Why are these cafes in Spain cracking down on remote workers?

Some cafes have banned laptops completely while others charge an hourly rate for the privilege of using them.


One of the perks of being a digital nomad is swapping a dreary office for a rotation of trendy cafes in destinations around the world.

But in some places in Spain, remote workers and their laptops are becoming undesirable customers.

Bars and cafes in Valencia, Santiago and Barcelona are cracking down on digital nomads who overstay their welcome.

Owners say teleworkers hog tables for hours, sometimes for the price of a single coffee.

Fed up, they are now taking action. And they are not the only ones in Europe. Coffee shops and snack bars from Paris to Berlin have already established rules for so-called “laptop squatters”.

Cafes in Spain crack down on remote working

Remote working continues to be a popular lifestyle choice, encouraged by the increasing list of digital nomad visa and accommodation schemes.

With plenty of sunshine, reasonable prices and culture-rich cities, Spain is a top choice for digital nomads.

But their way of working is not always compatible with a destination’s lifestyle. Cafes and bars in cities in Spain are growing frustrated by people ordering a single drink and then occupying a table for several hours or even a whole day.

For small business owners, it is not a viable form of income and many have decided to take action.

Raquel Llanes, who runs a cafe in the Raval area of Barcelona, explained to local website Barcelona Secreta that the situation was out of control.

“We’ve had customers who have ordered an espresso and sat for eight hours, people who have asked us to turn the music down so they could have meetings, customers who took out their Tupperware to eat,” she said.

“At first we adapted the space with sockets and to work, but after two years we realised that the numbers weren’t working out.”

In Valencia, Santiago and Barcelona, bars and cafes have decided to switch off WiFi to dissuade teleworkers.

Some cafes have put up posters stating that remote working is banned during peak hours between 8.30am and 12.30pm.

Others allow laptop-equipped customers to use the space but will ask them to move if they need room for a group or regulars.

Laptops banned in cafes in Paris and Berlin

For several years now, cafes in European cities including Paris, Berlin, Lisbon and Brighton have been taking a stand against remote workers.

Some have banned laptops completely while others charge an hourly rate for the privilege of using them.

For many cafe owners, it’s not just about the unprofitability of remote workers but also about protecting their business’ primary function: a convivial place to interact with other customers face-to-face.

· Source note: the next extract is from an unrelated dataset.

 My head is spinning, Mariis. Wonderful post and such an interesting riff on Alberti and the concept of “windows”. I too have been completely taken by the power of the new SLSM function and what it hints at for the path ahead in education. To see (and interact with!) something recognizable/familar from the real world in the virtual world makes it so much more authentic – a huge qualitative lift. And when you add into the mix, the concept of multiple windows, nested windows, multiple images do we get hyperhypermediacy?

“It’s definitely a bad image for the cafe if you walk past it and keep seeing the same four or five faces with their laptops on, regardless of whether they’ve paid or not,” one commenter wrote on a Reddit thread.

“The cafes are supposed to be fun places where people go and have conversations.”

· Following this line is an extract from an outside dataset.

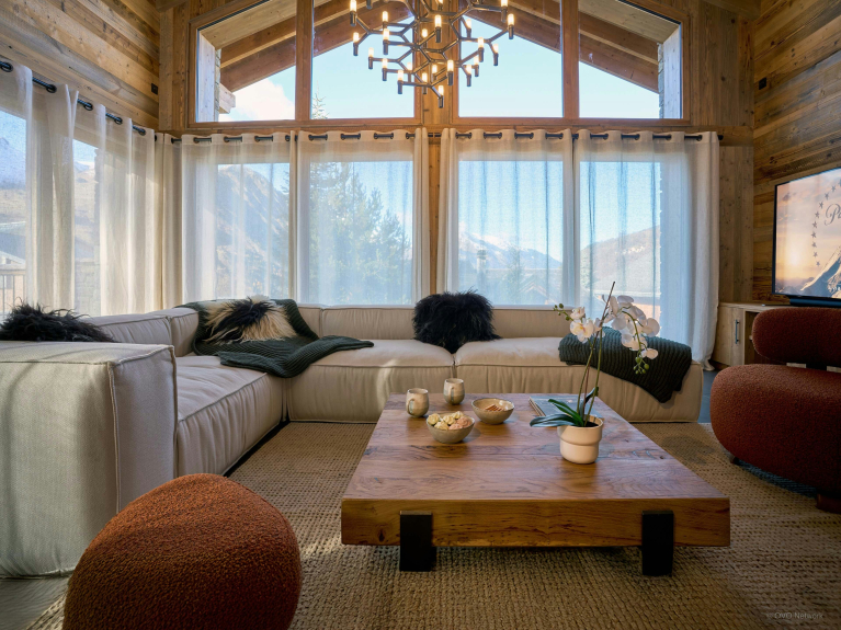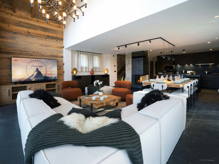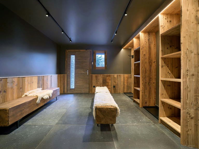 The entrance is via a highly functional ski room, equipped with a heated boot dryer, and accompanied by a laundry room with washing machine and tumble dryer. So you can make yourself comfortable as soon as you arrive, before warming up by the fireplace in the living room.

“I know lots of people here glamorise the idea of working from coffee shops in exotic places, but it’s both socially unacceptable and burdensome to the business much of the time,” said another.

Sometimes, it is also a case of frustration at digital nomads’ disrespectful behaviour.

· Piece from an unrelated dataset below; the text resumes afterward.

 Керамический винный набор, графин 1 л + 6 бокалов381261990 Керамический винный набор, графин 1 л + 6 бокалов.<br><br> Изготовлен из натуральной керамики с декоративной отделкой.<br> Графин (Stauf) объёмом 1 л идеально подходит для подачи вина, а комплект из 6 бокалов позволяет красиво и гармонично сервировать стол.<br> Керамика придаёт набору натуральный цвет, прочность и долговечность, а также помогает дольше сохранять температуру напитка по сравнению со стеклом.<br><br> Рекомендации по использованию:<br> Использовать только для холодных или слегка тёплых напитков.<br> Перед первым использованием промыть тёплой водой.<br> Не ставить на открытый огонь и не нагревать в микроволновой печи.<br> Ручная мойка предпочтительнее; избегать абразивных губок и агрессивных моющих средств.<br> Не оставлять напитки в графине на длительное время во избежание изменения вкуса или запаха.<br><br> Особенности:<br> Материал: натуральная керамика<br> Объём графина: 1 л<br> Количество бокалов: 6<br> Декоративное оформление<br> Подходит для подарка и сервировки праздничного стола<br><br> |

“The worst is those people [who] leave the supermarket sandwich wrappers on the table for the staff (me, in the past) to clean up,” another user on the same thread wrote.


Where to remote work in Spain

If you’re a digital nomad in Spain looking for remote working space that won’t ruffle feathers, consider taking advantage of the dozens of co-working spaces popping up all over the country.

In Barcelona, trendy Betahaus (also in Berlin, Hamburg, Sofia and Bucharest) has a luminous interior space and a plant-filled terrace. Spread across five floors, it has private offices and meeting spaces as well as communal working areas.

La Vaca (meaning cow and so-named because it is an ex-dairy) is an easygoing, greenery-filled space where you can listen to music, do yoga or have a game of pool when you need a break.

In Valencia, look up Vortex Coworking Playa in the seaside El Cabanyal neighbourhood. The restored building has a stylish interior of exposed wooden beams and brick walls and is equipped with a kitchen.

In Santiago, try Campus Stellae inside a 17th-century building. The five floors of communal spaces and private offices have prime views of the neighbouring cathedral.